I reached a road. The tar had melted; I felt my feet sink in as if I ran through wet sand. Then I was across it, smouldering road tar still sticking to my trainers.
With a savage rush of satisfaction I heard screams as the cannibal bastards sank up to their ankles in boiling tar.
It stopped a couple dead in their tracks. But most ran on—men, women, children—they weren’t going to give up the hunt just yet.
By now my breathing was coming in ragged tugs, my chest burning as much from exhaustion as from the smoke given off by the smouldering track.
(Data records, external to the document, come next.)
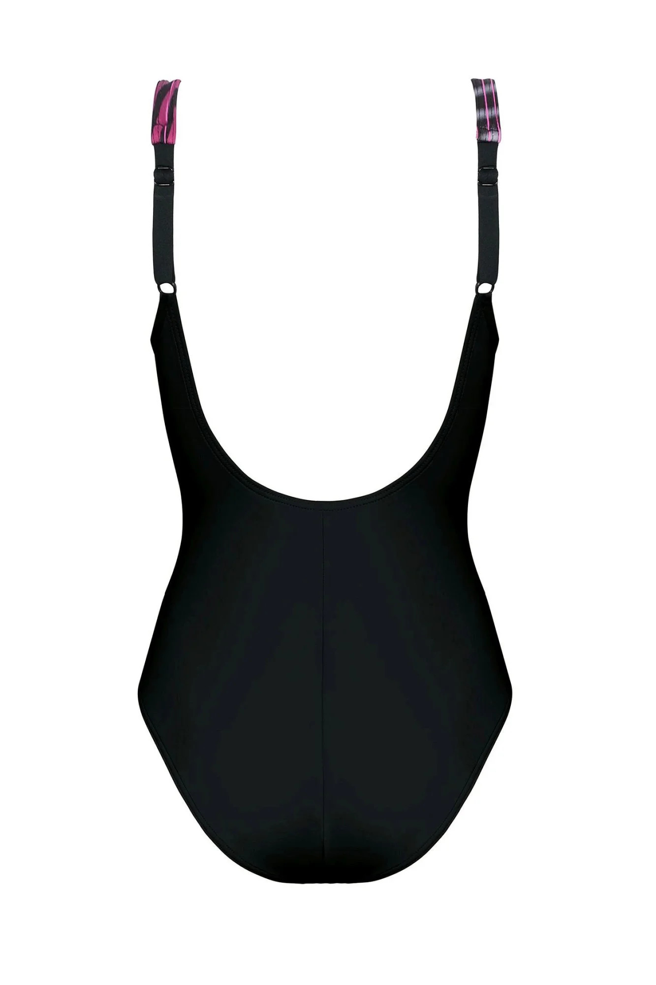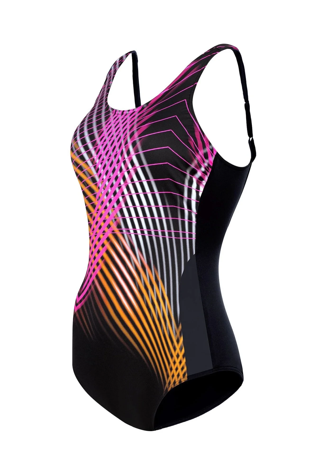 Dámské jednodílné plavky Trends sport 36PW-4 black SELF - černá barva - ozdobené na přední straně barevným vzorem - zadní část černé barvy - boky z transparentní síťoviny - vyztužené košíčky - bez kostic - nastavitelná širší ramínka - odolné proti chloru
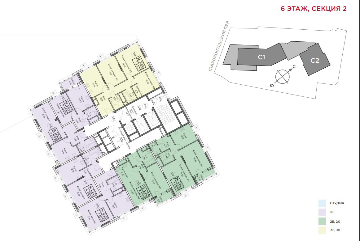 2-комнатная квартира, 45.9 м2, этаж 6 / 22, на продажу в Москве, Старокоптевский переулок, 4
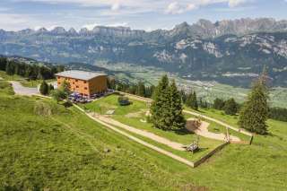 Direkt neben der Terrasse des Restaurants erwartet die kleinen Gäste ein großer, abwechslungsreicher Spielplatz, der für viel Spaß und Abenteuer sorgt. Zu den Highlights gehören eine aufregende Zipline, auf der Kinder durch die Luft fliegen können, sowie mehrere Schaukeln, die zum Höhenschwingen einladen. Besonders beliebt ist die Hängemattenschaukel, die sanft hin und her schwingt und für entspannte Momente sorgt. Eine Rutschbahn sorgt für schnelle Abfahrten, und ein Trampolin lädt zum Hüpfen und Springen ein. Die Lage des Spielplatzes direkt neben der Terrasse des Restaurants ermöglicht es den Eltern, ihre Kinder im Blick zu behalten, während sie in Ruhe eine Mahlzeit genießen. Der große Spielplatz bietet für jedes Kind das passende Abenteuer und ist der ideale Ort für eine gelungene Familienzeit.
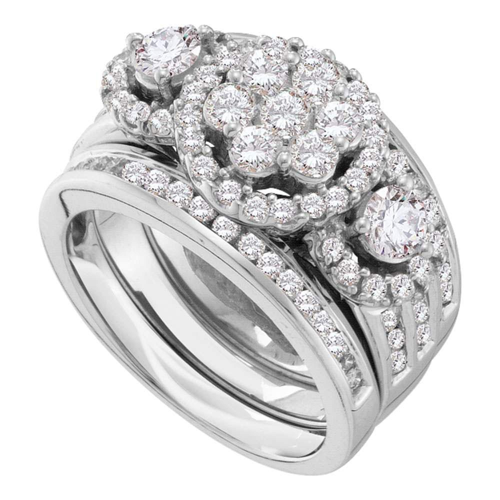 14kt White Gold Round Diamond 3-Piece Bridal Wedding Ring Band Set 2 Cttw
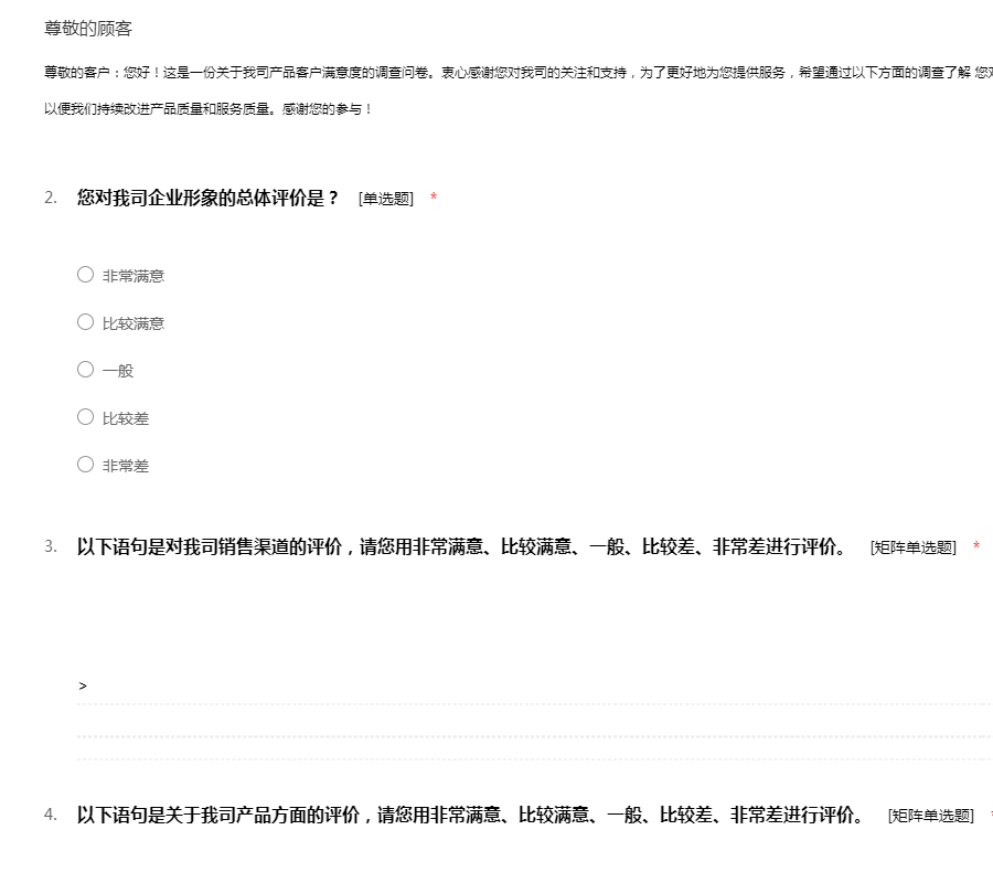 尊敬的客户:您好!这是一份关于我司产品客户满意度的调查问卷。衷心感谢您对我司的关注和支持,为了更好地为您提供服务,希望通过以下方面的调查了解 您对我们公司产品及服务质量的真实看法与评价,以便我们持续改进产品质量和服务质量。感谢您的参与!
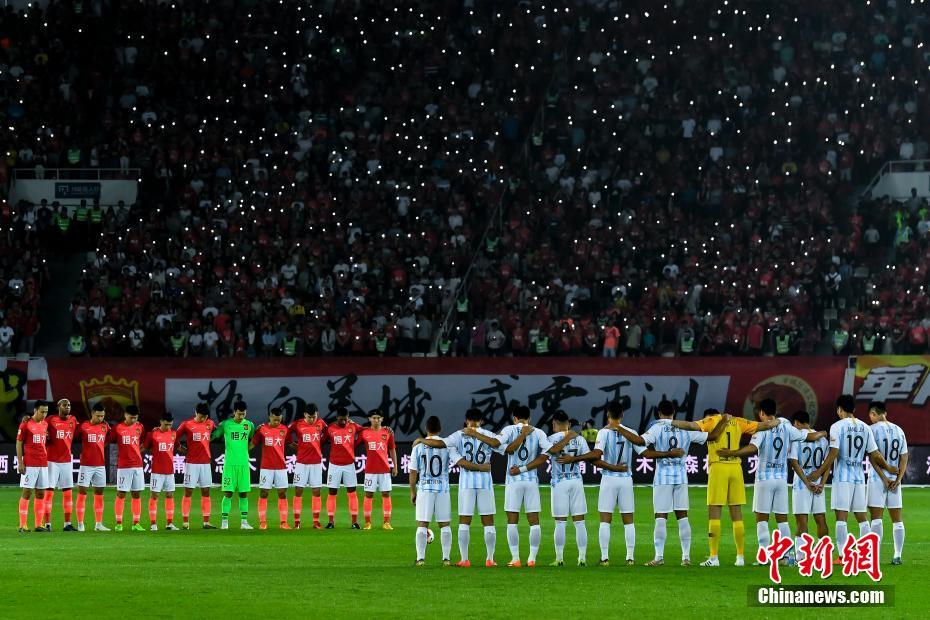 4月6日晚,2019赛季中超联赛第4轮赛事上演广州德比战,广州恒大淘宝主场迎战广州富力。最终,恒大淘宝2比0胜富力,取得联赛4连胜且保持0失球。图为广州恒大淘宝、广州富力球员与全场球迷默哀悼念在四川木里森林火灾扑救中英勇牺牲的烈士。中新社记者 陈骥旻 摄

My legs ached; my left heel felt as if a nail had been driven through it where the Achilles tendon had been stretched further than it ought.
I was slowing down.
Uh-uh-uh-uh!
The chant turned from anger to triumph. They had me; and they knew it.
I was just wondering whether to stand and at least blow off a couple of heads before they overran me when I found I’d left the green world behind.
Suddenly the black track opened out into black desert. All the grass and bushes, as far as I could see, were burnt to nothing. The only variation was when black ash gave way to white powder. Trees still stood, only they were leafless and charcoal-looking. Here and there were dotted the bones of animals. Thousands of white snail shells scattered in the ash looked like stars against a black sky.
I pounded on by a cluster of human skulls. Dentures had melted to fuse jaws together into a sticky white mass. Stone walls wore a scorched look with soot-black streaks radiating along their flanks like zebra stripes.
I was slowing now. I couldn’t run much further. My chest burned. I could not breathe. Desperately, I was scanning the black landscape for a place to hide—anywhere: a hole in the ground; a ruined farmhouse; the burnt-out shell of a car.
Ahead I saw jets of flame spitting out of the ground. They were about knee high but burnt with that fierce blue Bunsen burner-like flame I’d seen before in the graveyard.
I weaved round them.
A hundred paces on I saw an iron manhole cover; a hundred paces further there was another; then another. Three in all, forming a line. Maybe I’d find one with the top loosened, then I could slip down into the inspection chamber. With luck the mob wouldn’t see where I’d gone and run on.
I took the rifle from my shoulder as I ran. Ahead of me the ground dropped suddenly.
I stopped, choking for breath. There in front of me was a steep-sided ditch with banks about as high as my head.
Letting gravity do the work now I slithered down into the water.
The water rose up just over my knees. It was as warm as a swimming bath. Here and there fish, killed by the rise in the water’s temperature, floated, silver bellies up.
I saw that the manhole covers followed the line of a subterranean storm drain that discharged into the ditch. For a second I stared dumbly at the round mouth of the concrete pipe that jutted out twenty centimetres or so from the dirt banking.
‘Sanctuary,’ I gasped, almost giddy at the thought of hiding myself inside that great concrete pipe. It was big enough for me to shuffle inside on my hands and knees. If the mob hadn’t seen me I was home and dry.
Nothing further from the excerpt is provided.